Personal information
- Born: August 28, 1925 Portland, Oregon, U.S.
- Died: October 21, 1997 (aged 72) Lane County, Oregon, U.S.
- Listed height: 6 ft 2 in (1.88 m)
- Listed weight: 194 lb (88 kg)

Career information
- High school: Lincoln (Portland)
- College: Oregon (1948)
- NFL draft: 1948: 25th round, 226th overall pick

Career history
- Los Angeles Dons (1949); Dallas Texans (1952); New York Giants (1954);

Awards and highlights
- First-team All-PCC (1948);

Career NFL/AAFC statistics
- Receptions: 68
- Receiving yards: 1,050
- Receiving touchdowns: 7
- Stats at Pro Football Reference

= Dick Wilkins =

American football player (1925–1997)

Richard Maurice Wilkins (August 28, 1925 – October 21, 1997) was an American football end who played in the National Football League (NFL). He played college football at Oregon.

==College career==
Wilkins served in the Marine Corps during WWII before receiving a discharge after his vision was impaired when he was hit in the eye with a shell casing during training. He enrolled at the University of Oregon and joined the Webfoots basketball as a forward and baseball team as a pitcher. As a freshman, Wilkins was the leading scorer in the 1945 NCAA tournament with 22 points per game. He became the first Oregon player to score 1,000 career points and finished with 1,186.

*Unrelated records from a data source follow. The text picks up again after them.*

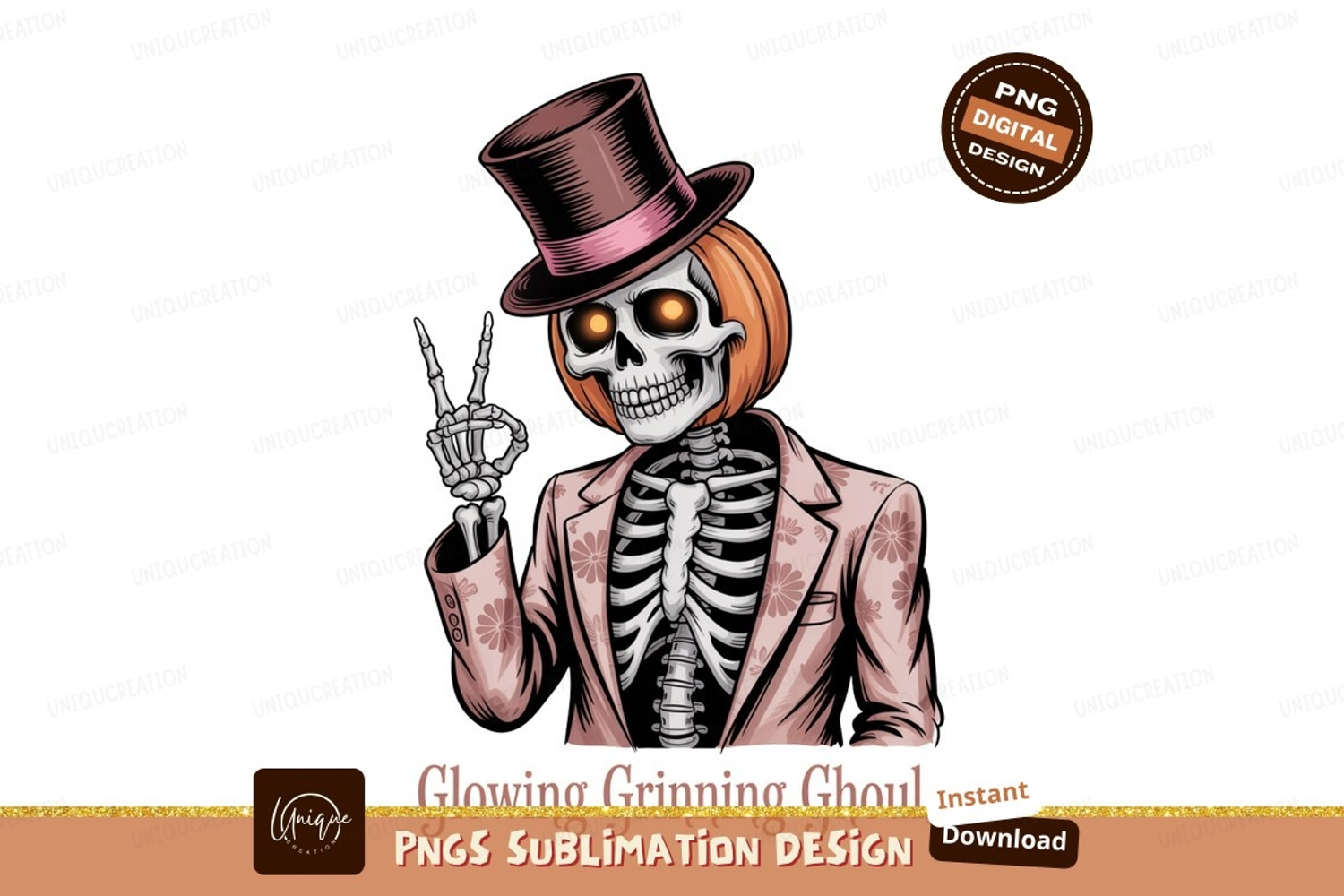 Skeleton pumpkin head top hat suit peace sign image example image 1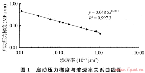 經(jīng)對(duì)11塊全直徑巖樣的室內(nèi)實(shí)驗(yàn)表明,儲(chǔ)層滲透率對(duì)啟動(dòng)壓力梯度[3]有明顯的影響,隨著巖石空氣滲透率的降低,啟動(dòng)壓力梯度增大(圖1)。
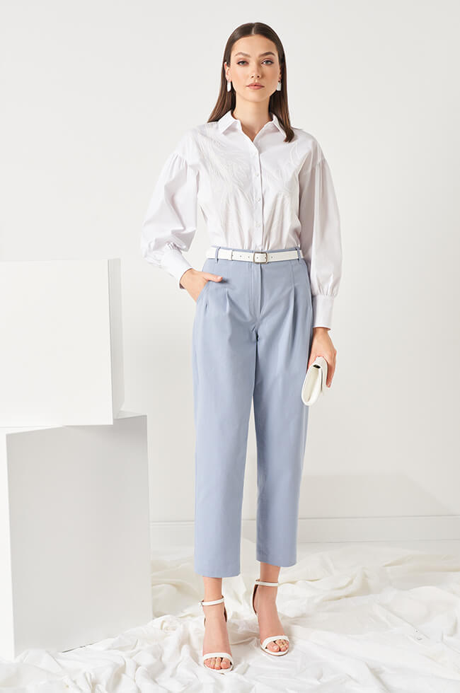 Блузка-рубашка свободного силуэта, отложной воротник-стойка, центральная застежка на пуговицы. Спущенная линия плеча, объемные рукава сосборены на высокие манжеты с разрезом и застежкой на пуговицы. В шов манжеты заложены складки, в боковых швах выполнены разрезы. Спинка с кокеткой. Спереди выполнен дизайнерский принт в тон «Флора».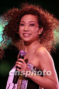 去年受SARS影響未能舉辦的林憶蓮演唱會四月三十日晚在首都體育場重新開演,林憶蓮改變以往溫柔賢淑的形象以一頭爆炸金發(fā)亮相。作者:高遠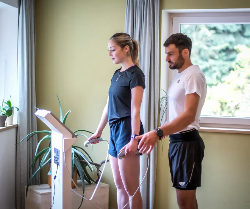 VALD-Analyse für Kraftverläufe & Dysbalancen, Maximalkrafttests (Squat & Deadlift), plus BIA für Körperkomposition & Belastungssteuerung.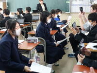 残り1週間を切った合唱コンクールに向けて、タブレットで録画した映像で自分たちの声を確認し、それをすぐに生かしていました。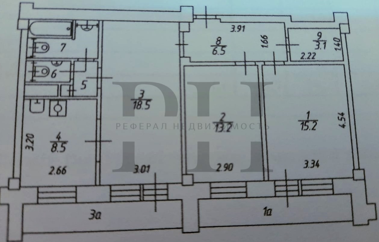 Общая площадь 77.4кв.м, жилая - 46.9 (18.5+13.2+15.2)кв.м, кухня - 8.5кв.м.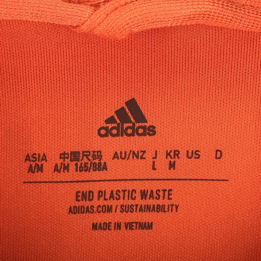 【超美品】アディダス パーカー オレンジ ビッグロゴ ダンボールニット トレーナー レディース L ゴルフウェア adidas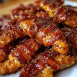 Crispy chicken tenders wrapped in bacon and coated in a sweet brown sugar glaze for a deliciously indulgent experience.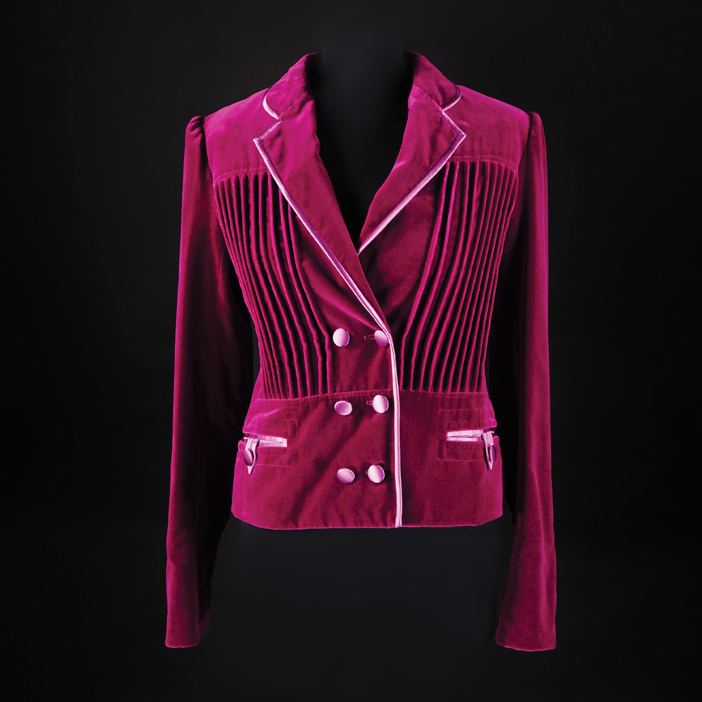 Lotto 84 | Yves Saint Laurent giacca in velluto misto seta color ciclamino con profili...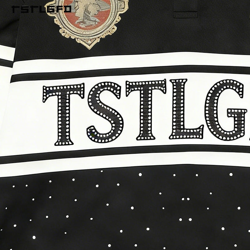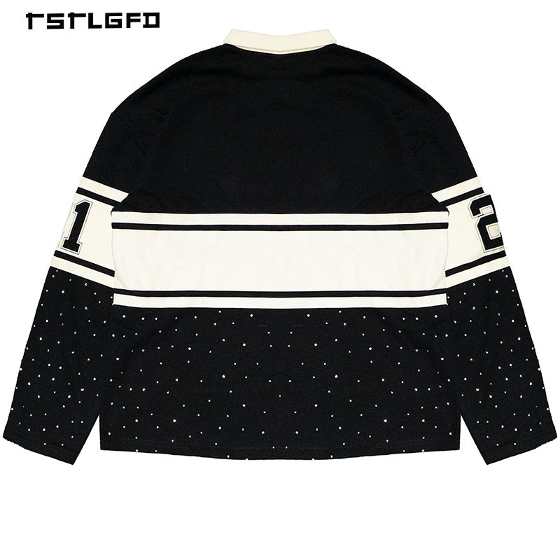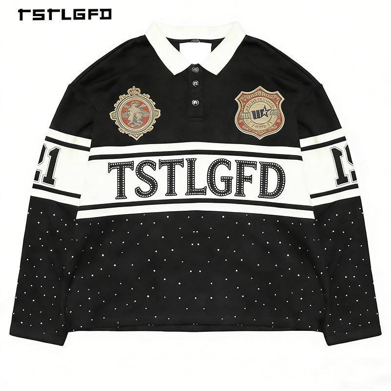 Camiseta personalizada para hombre con parche bordado desgastado, 100% algodón, con pedrería, corte holgado, manga larga.

Wilkins was talked into joining the football team as a senior. In his lone season playing college football he led the Webfoots with 27 receptions (a Pacific Coast Conference record) for 520 yards and five touchdowns and was named first-team All-Pacific Coast.

==Professional career==
Wilkins was drafted by the New York Giants in the 25th round of the 1948 NFL draft, but instead signed with the Los Angeles Dons of the All-America Football Conference. After the AAFC folded Wilkins was selected by the Los Angeles Rams in the third round of the 1950 AAFC dispersal draft. He was recalled by the Marine Corps before the draft and missed the next two seasons. Wilkins' rights were traded to the Dallas Texans in 1952 as part of an eleven player trade for Les Richter. Wilkins led the Texans with 32 receptions, 416 receiving yards and three touchdown catches in 1952. He did not play in 1953 in order to focus on his lumber business in Oregon. He was acquired by the Giants in a trade in 1954 and played in four games before suffering a shoulder injury.

==Personal life==
Wilkins was the father of Olympic gold medalist Mac Wilkins.